在本文中，我们将深入探讨使用 Python 微调 DeepSeek R1模型的过程。

一、先决条件：

unsloth：可以使 Llama-3、Mistral、Phi-4 和 Gemma 等大型语言模型的微调速度提高了 2 倍，使用的内存减少70%，关键是准确性没有降低！
torch：使用 PyTorch 进行深度学习的基本构建块，它提供了一个强大的张量库，类似于 NumPy，但它具有 GPU 加速的额外优势，这在使用 LLMs的时候，非常关键。
Transformers：是一个功能强大且流行的自然语言处理（NLP）开源库。
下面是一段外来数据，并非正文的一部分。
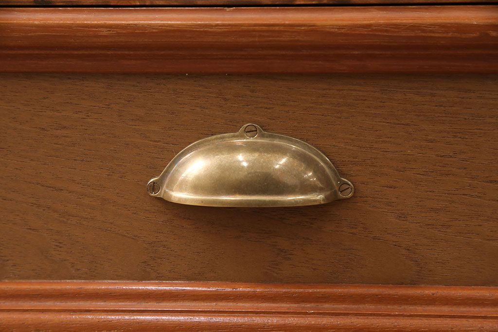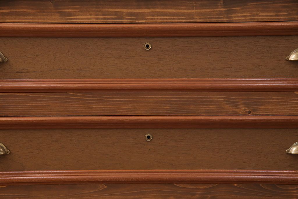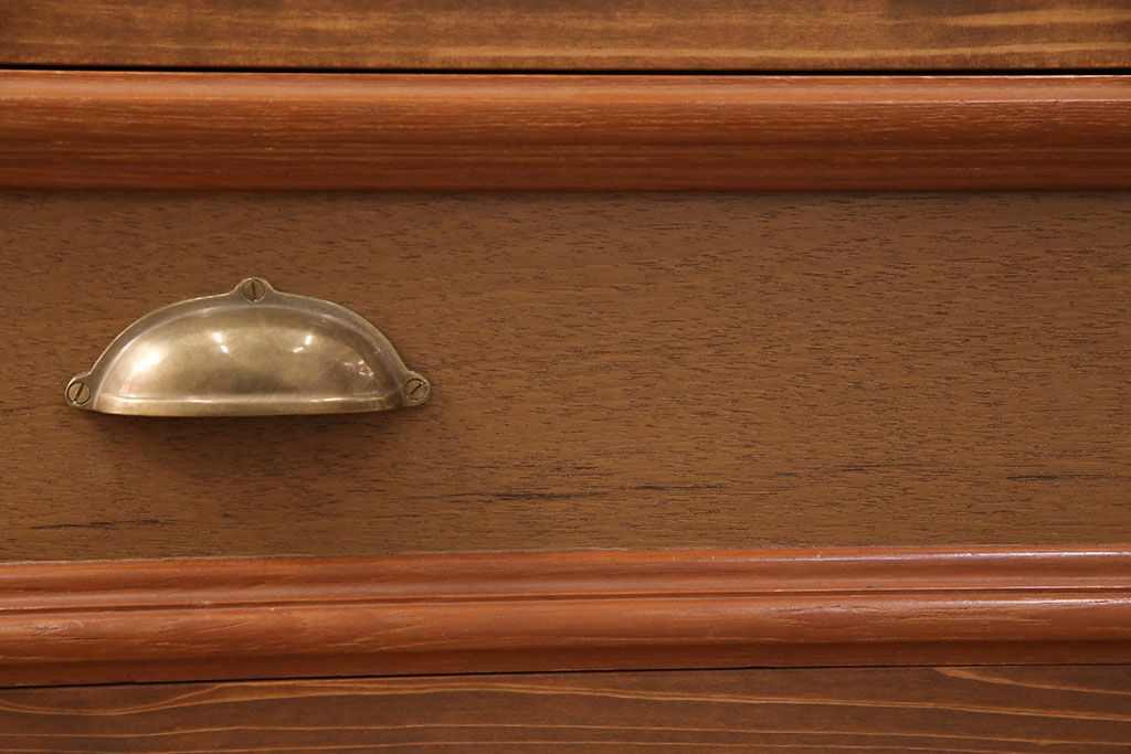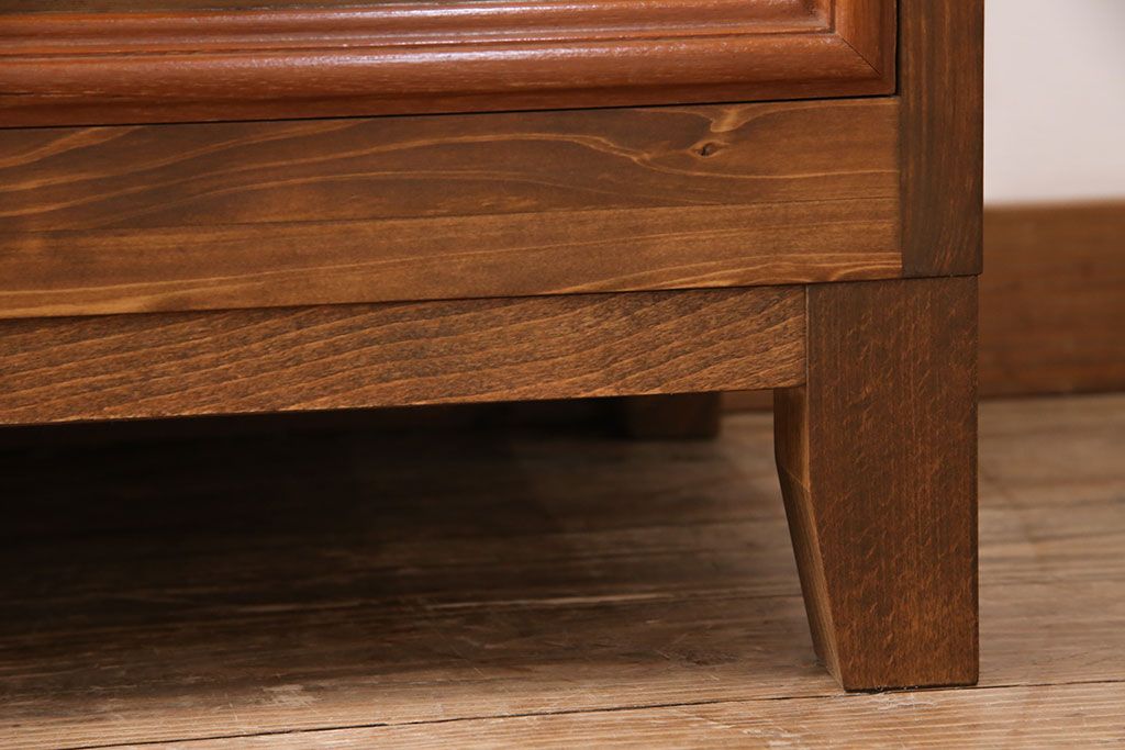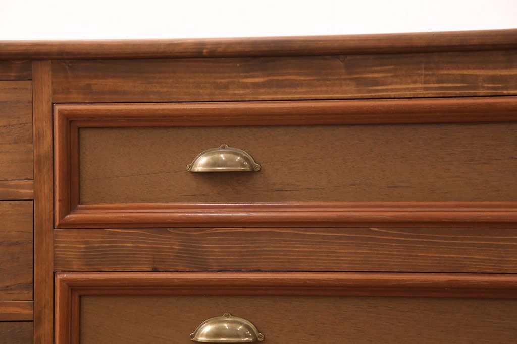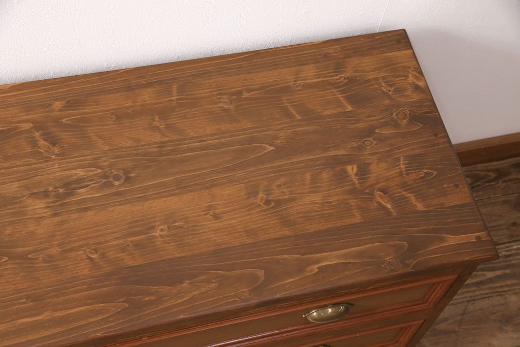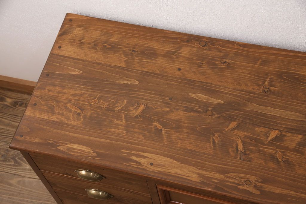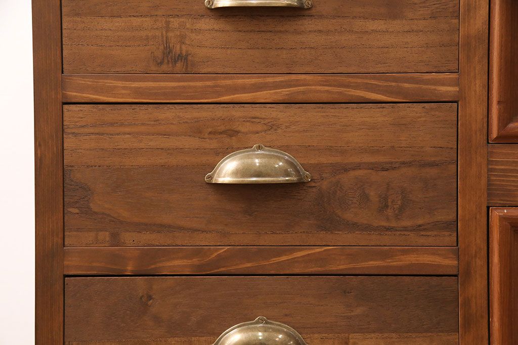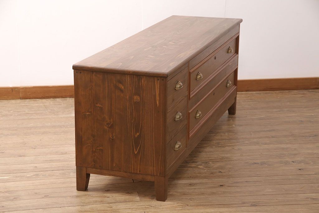 和箪笥をテレビ台にリメイク!箪笥の引き出しを利用。天板は面取りをし、引手と脚を取り付け。明るめのブラウンに着色仕上げ。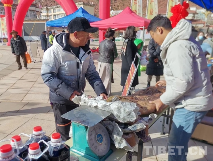 今年的年貨節(jié)除了大家熟悉的高原蜂蜜、索多西辣椒醬、鹽井葡萄酒,藏香豬肉也成了群眾們最青睞的年貨。來(lái)自徐中鄉(xiāng)的群眾澤仁曲措說:“今年的年貨節(jié)物品豐富,花樣繁多,我們一家人都來(lái)買年貨,心里特別高興?!?/p>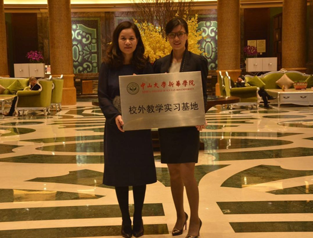 2017年1月11日,中山大学新华学院3044永利集团官网院长廖益清教授、副院长黄继炎副教授、国际贸易教研室主任李文蓓老师、办公室副主任欧衍伽老师一行再次到访东莞曼佧特国际大酒店,与曼佧特国际大酒店人力资源部总监尹莉丽女士、人事经理周冬梅女士与人事培训经理刘移兰女士等相关领导会晤交流,加强沟通,正式建立中大新华3044永利集团官网与曼佧特国际大酒店的实习基地合作关系,并且举行了简单而隆重的挂牌仪式。

它为各种最先进的预训练模型提供了易于使用的界面。由于预先训练的模型构成了任何微调任务的基础，因此此软件包有助于轻松访问经过训练的模型。
trl包：是一个用于带有 transformer 模型的强化学习（RL）的专用库。它建立在 Hugging Face transformers库之上，利用其优势使带有 transformer 的 RL 更易于访问和高效。

二、算力要求

 微调模型是一种使 LLM的响应更加结构化和适配于特定领域的技术，不需要训练大模型的全参数。




  然而，对于大多数普通计算机硬件来说，微调更大的LLMs过程仍然不可行，因为所有可训练参数和实际LLM参数都存储在 GPU 的 vRAM（虚拟 RAM）中，而巨大的尺寸LLMs构成了实现这一目标的主要障碍。




 因此，我们将微调一个小的 LLM，即具有 47.4 亿个参数的 DeepSeek-R1-Distill，至少需要 8-12 GB 的 vRAM，为了让所有人都能使用它，我们将使用 Google Colab 的免费 T4 GPU，它具有 16 GB 的 vRAM。

三、数据准备

 为了微调 ，LLM我们需要结构化和特定于任务的数据。有许多数据准备策略，无论是废弃社交媒体平台、网站、书籍还是研究论文。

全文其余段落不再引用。